Return to Seoul
Freddie, a young French woman (Park Ji-min), goes to Korea, the country she was born in before being adopted by a French couple. She tries to reconnect with her biological parents.
Chou structures the film around a few chapters, each taking place a few years apart. And yet it’s an intimate story that closely follows its lead character rather than trying to be an ‘epic’. It’s not a conventional narrative arc - Freddie would rather evade any emotionally awkward conversation and escape into drink and music. She’s almost seeking out her parents in spite of herself.
It’s not central to the film but I loved the take on the role of the translator in conversation and in social situations. Freddie makes a friend, Tena, who helps Freddie with talking to her Korean father. At the family lunch, barbed comments fly from both sides and Tena is there as a buffer to cushion the blow, sometimes ignoring what’s been said altogether.
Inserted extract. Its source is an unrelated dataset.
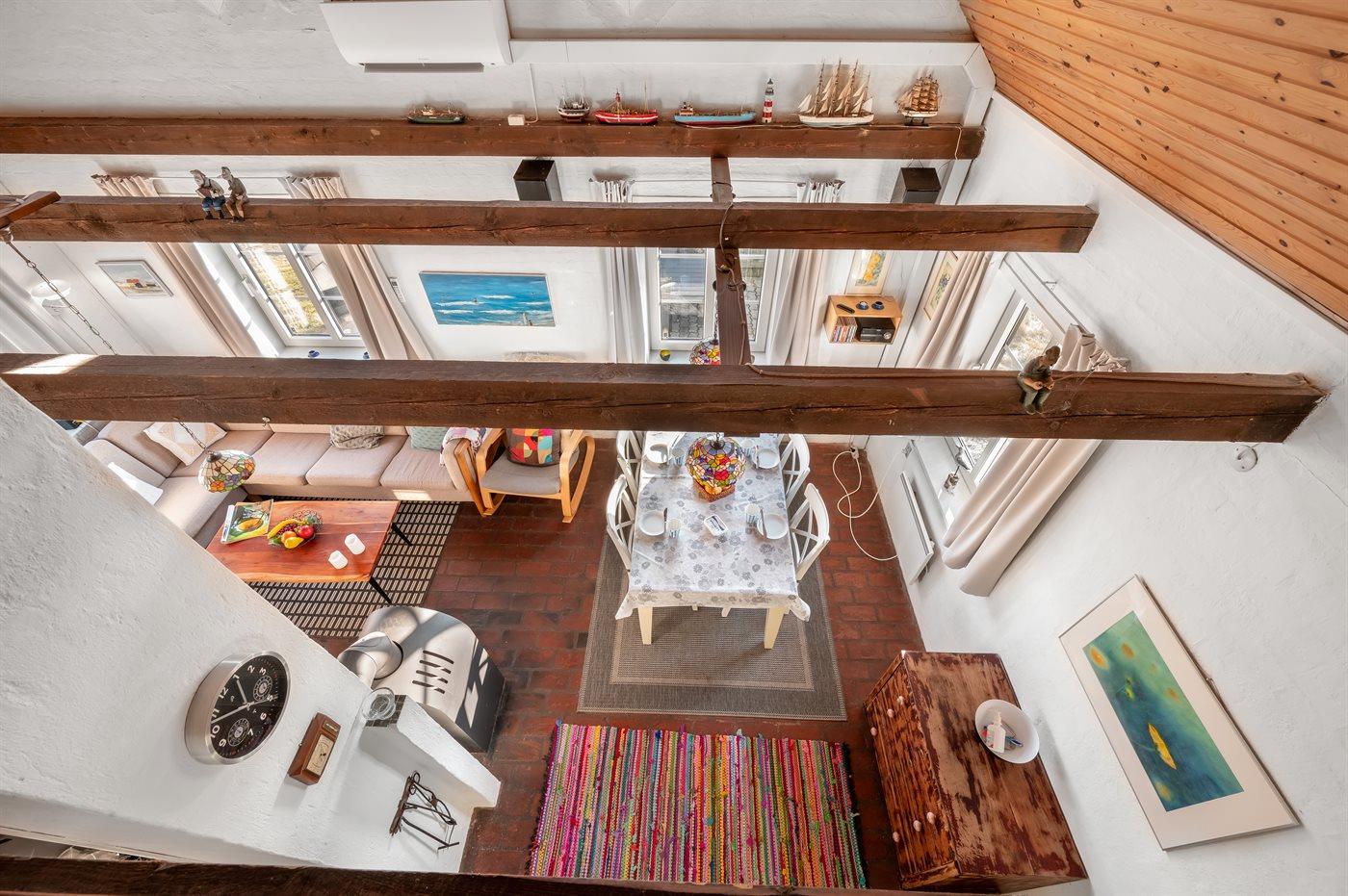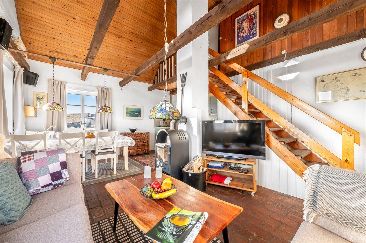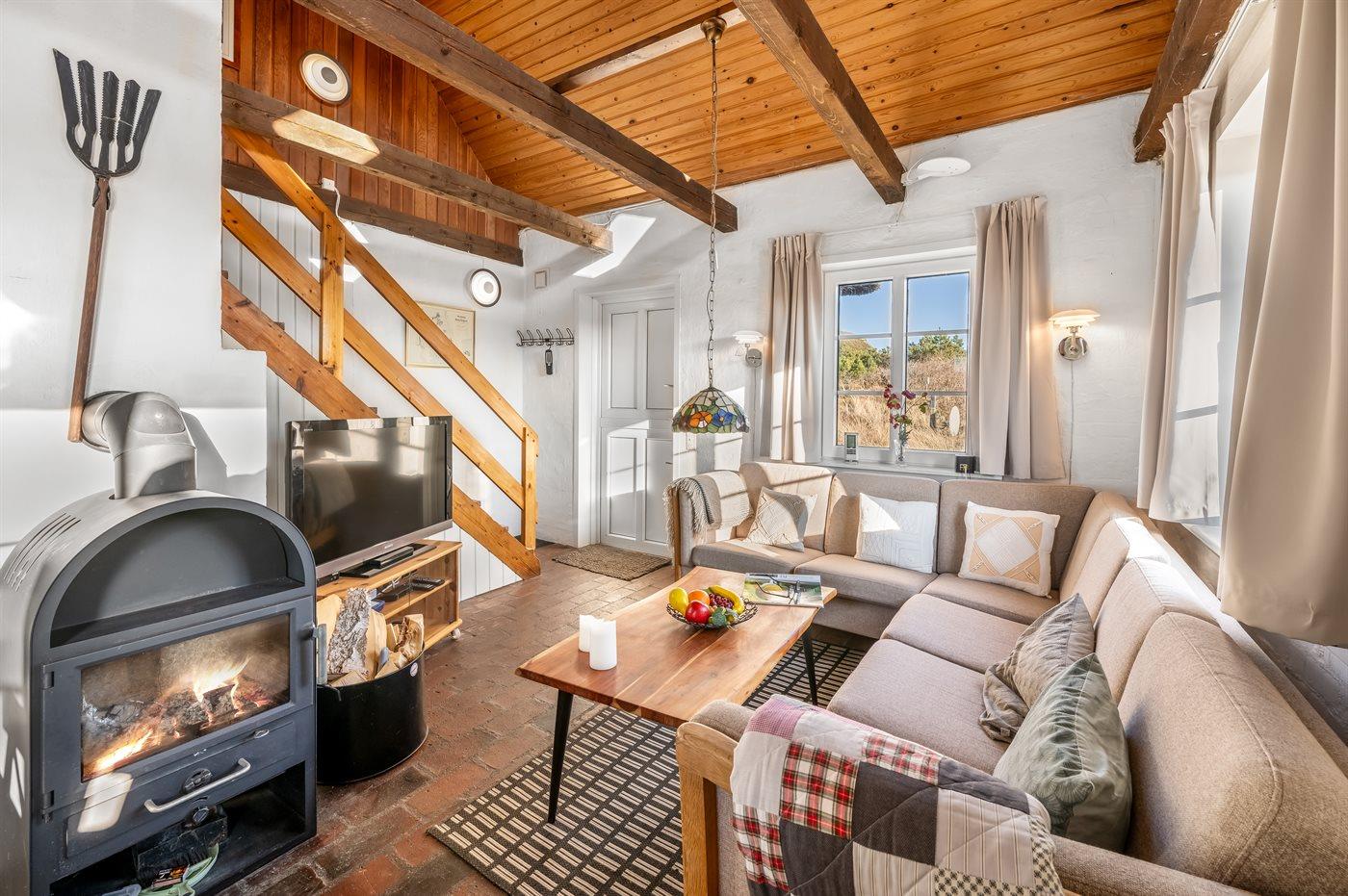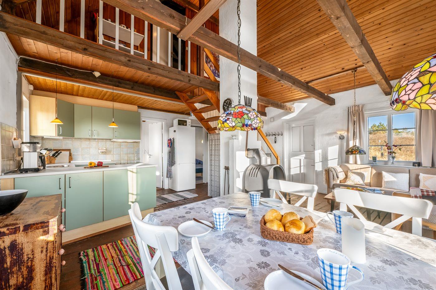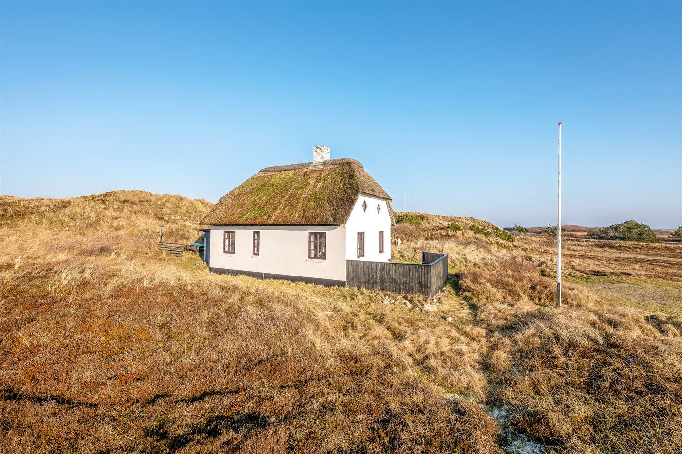 Charmerende sommerhus med stråtag beliggende på en meget stor og kombineret natur-/klitgrund med fjordudsigt fra hus og grund. Huset har smukke skrånende trælofter, malede stenvægge samt stengulve overalt - dog med trægulve på 1. sal.

It’s dishonest and perhaps cowardly, but it’s also the sort of social grease that keeps people from falling out.
Park Ji-min’s fantastic performance finds emotional clout through nuance rather than bombastic on-screen antics, yet gives off a chaotic energy that makes Freddie conflicted; fun, but a lost soul.
An unpredictable and engrossing story about returning to a culture that you belong to, but never experienced.